Beyond BP: Lessons from Valdez and Bhopal

For Immediate Release

Contact: 

Sam Husseini, (202) 347-0020; or David Zupan, (541) 484-9167

Beyond BP: Lessons from Valdez and Bhopal

WASHINGTON - LUCI BEACH
Beach is executive director of the Gwich'in Steering Committee in Alaska. She said this afternoon: "Today I'm in Gulfport, Mississippi, one of the areas that's going to be impacted. These people have no idea what they're in for. People buy the oil companies' propaganda and allow them to do what they want without a plan or real safeguards.

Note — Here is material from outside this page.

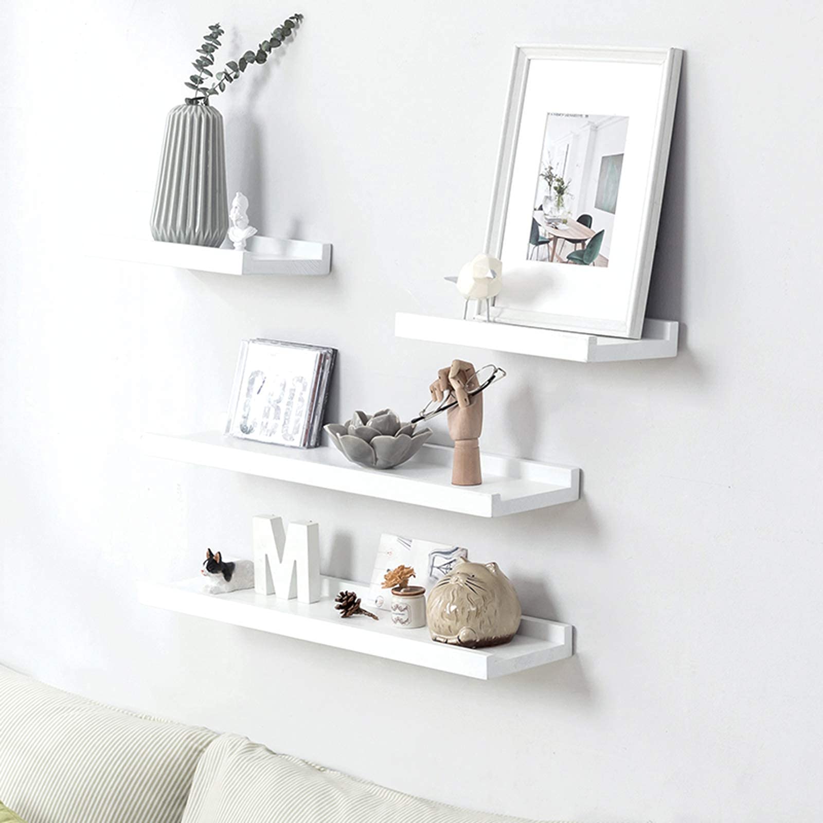 ウォールシェルフ 天然木 壁掛け棚 壁 棚 ウォールラック おしゃれ 木製 飾り棚 壁掛けラック 落下防止のガード付きで安心 洗面所/キッチン/トイレ/寝室 壁面収納 タオル掛け付き 取り付け簡単 石膏ボード対応 幅40cm(ホワイト)

"Many are claiming that BP will cover the costs, but people in Alaska waited for 20 years to be compensated by Exxon for the Valdez spill and even then only got a pittance of what they were due, if they were still alive."

DIANE WILSON
A Texas fisherwoman and environmental campaigner, Wilson is author of the book "An Unreasonable Woman: A True Story of Shrimpers, Politicos, Polluters, and the Fight for Seadrift, Texas."

She said today: "Corporations, whether it's BP in the Gulf or Dow Chemical / Union Carbide in Bhopal, India, don't follow the precautionary principle. They say that their worst-case scenarios won't ever happen and so we shouldn't dare threaten their profits with extra safety costs. Thanks in part to the deregulation from Dick Cheney's energy task force during the Bush administration, the U.S. doesn't require an emergency 'acoustic' shut-off valve that costs $500,000 and could have prevented BP’s disaster. ... Yet most of the other oil-producing nations require the 'acoustic switch' and it has been used in Norway since l993. These corporations don't want to spend a tiny portion of their billions of dollars on something that can prevent a disaster. They get the legal rights of being people and yet take actions that destroy the lives of real people.

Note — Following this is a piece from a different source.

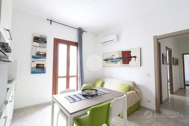 Entrando si accede al soggiorno con angolo cottura, dotato di condizionatore, ambiente reso luminoso dalla presenza della portafinestra con accesso al balcone.
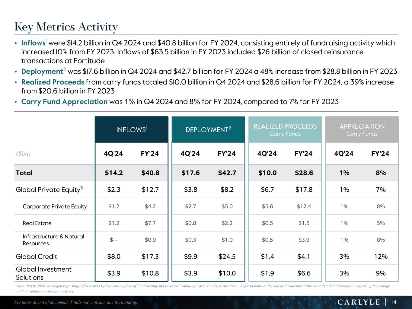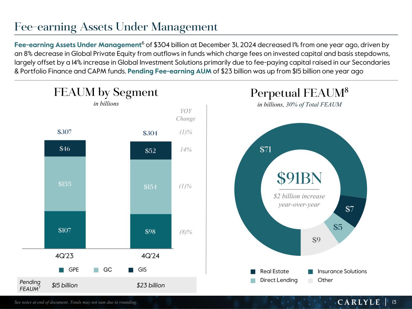 R-14 7 G-19 5 B-19 7 R-88 G-15 9 B-16 5 R-13 6 G-18 0 B-83 R-16 3 G-14 3 B-18 7 R-0 G-74 B-13 6 R-18 5 G-21 1 B-15 3 R-11 8 G-92 B-15 0 R-22 0 G-22 1 B-23 2 R-14 0 G-14 1 B-15 2R-12 0 G-16 9 B-22 2 Old Colors R-88 G-89 B-91 58595B R-23 G-234 B-234 EAEAEA R-208 G-232 B-247 D0E8F7 R-65 G-64 B-66 414042 R-8 G-51 B-94 08335E R-167 G-169 B-171 A7A9AB R-9 G-102 B-112 096670 R-220 G-221 B-222 DCDDDE R-97 G-161 B-224 61A1E0 R-237 G-217 B-157 EDD99D R-147 G-195 B-197 93C3C5 $71 $7 $5 $9 $107 $98 $155 $154 $46 $52 $307 $304 4Q'23 4Q'24 Fee-earning Assets Under Management Fee-earning Assets Under Management6 of $304 billion at December 31, 2024 decreased 1% from one year ago, driven by an 8% decrease in Global Private Equity from outflows in funds which charge fees on invested capital and basis stepdowns, largely offset by a 14% increase in Global Investment Solutions primarily due to fee-paying capital raised in our Secondaries & Portfolio Finance and CAPM funds. Pending Fee-earning AUM of $23 billion was up from $15 billion one year ago 13See notes at end of document. Totals may not sum due to rounding. Pending FEAUM7 $15 billion $23 billion FEAUM by Segment in billions Perpetual FEAUM8 in billions, 30% of Total FEAUM n Real Estate n Insurance Solutions n Direct Lending n Other YOY Change (1)% 14% (1)% (8)% $2 billion increase year-over-year $91BN n GPE n GC n GIS

"What BP has done is just a giant example of what happens constantly with the chemical and oil companies in the Gulf. They pollute, then they say it didn't get into the water, then they say, well, it was only 20 gallons, then they say it was 200 gallons. Then it's too much to clean up. One big problem is that so much is dependent on industry's self-reporting. You can't get decent information from companies. I find out a great deal because I work with an injured workers group."

Background: On April 2, President Obama stated: "It turns out, by the way, that oil rigs today generally don't cause spills. They are technologically very advanced."